Paulus dan rekan-rekannya dilarang oleh Roh Kudus untuk memberitakan Injil di Asia dan Bitinia. Bukan karena tempat itu tidak penting, melainkan karena Allah mempunyai rencana dan waktu yang sempurna. Lalu, datanglah penglihatan: seorang pria Makedonia memohon pertolongan. Tanpa menunda atau banyak bertanya, Paulus berangkat. Inilah wajah ketaatan sejati; bukan hanya saat kita mengerti, melainkan juga saat arahnya belum sepenuhnya jelas; ketaatan yang bersandar pada kepercayaan, bukan pada pengertian manusia semata.
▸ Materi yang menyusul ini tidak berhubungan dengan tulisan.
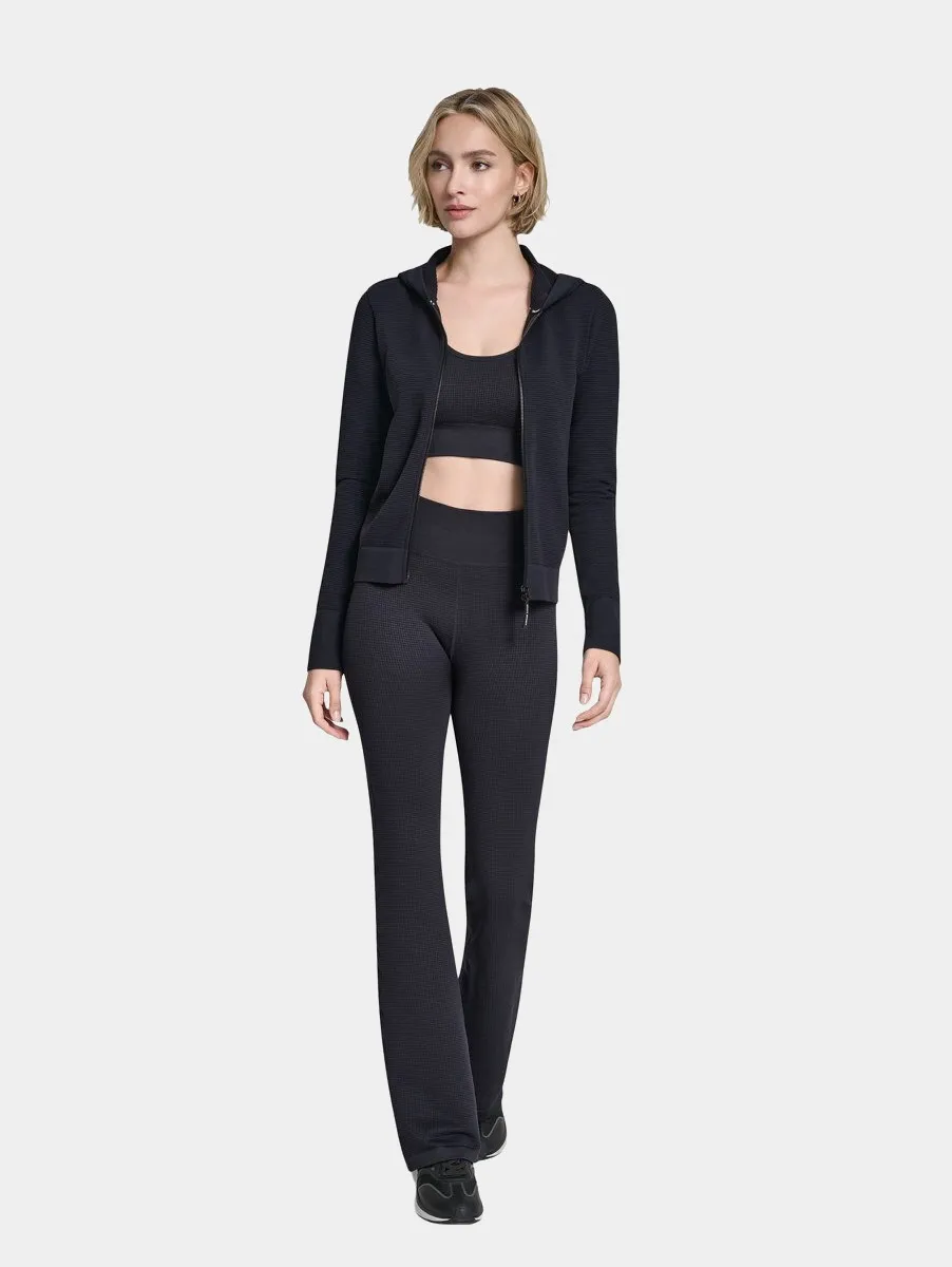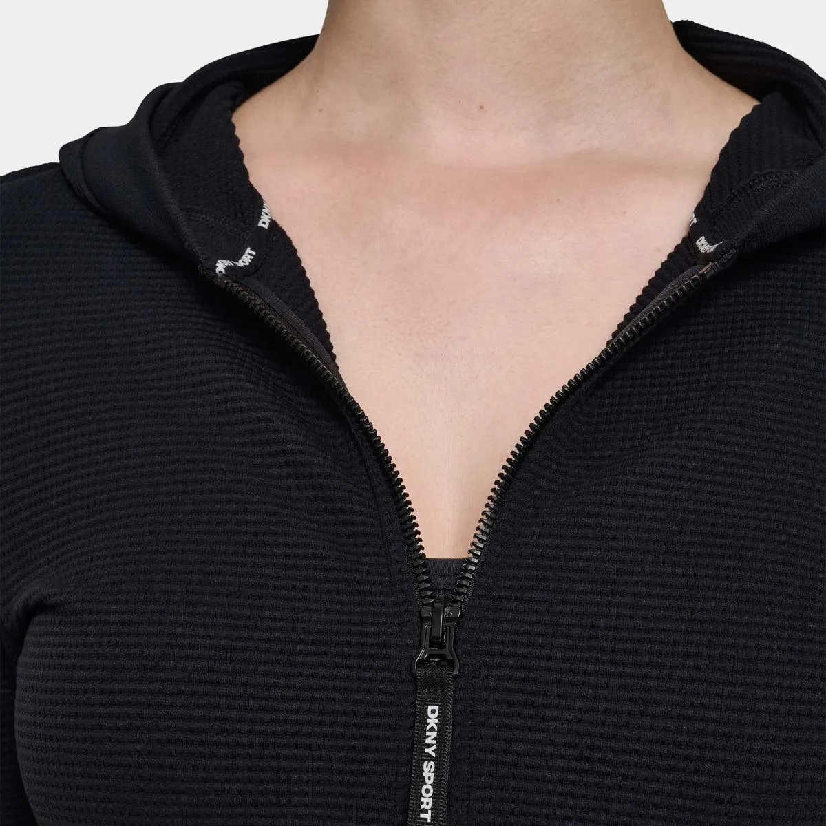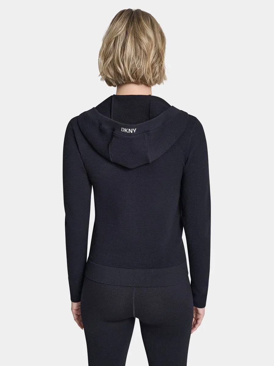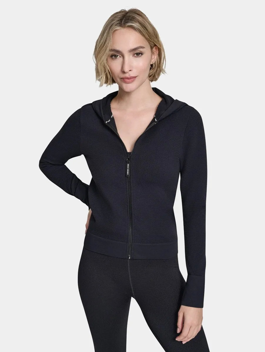 Женская облегающая толстовка с капюшоном на молнии выполнена из эластичного трикотажа и комфортно садится по фигуре. Эластичные манжеты и подол обеспечивают аккуратную посадку. Плоские швы защищают кожу от раздражения и гарантируют высокий уровень комфорта при повседневной носке.

Dalam Injil, Yesus mengingatkan, “Jika dunia membenci kamu, ingatlah bahwa ia telah lebih dahulu membenci Aku. Kita memang suka Injil yang menghibur, yang membawa damai, dan sukacita. Tapi kita perlu ingat, Injil juga menantang. Ia mengguncang kenyamanan dan nilai dunia. Dunia berkata, “Balas dendam itu wajar.” Yesus berkata, “Ampunilah.” Dunia memuliakan yang terdepan, Yesus memanggil kita jadi yang terakhir. Jangan heran, jika iman membuat kita ditolak atau disalahpahami. Itu bukan kegagalan. Itu justru tanda, bahwa kita sedang mengikuti jejak-Nya.
“Tuhan, berikanlah kami keberanian untuk tetap teguh dalam iman meskipun dunia menolak atau tidak mengerti jalan-Mu. Amin.”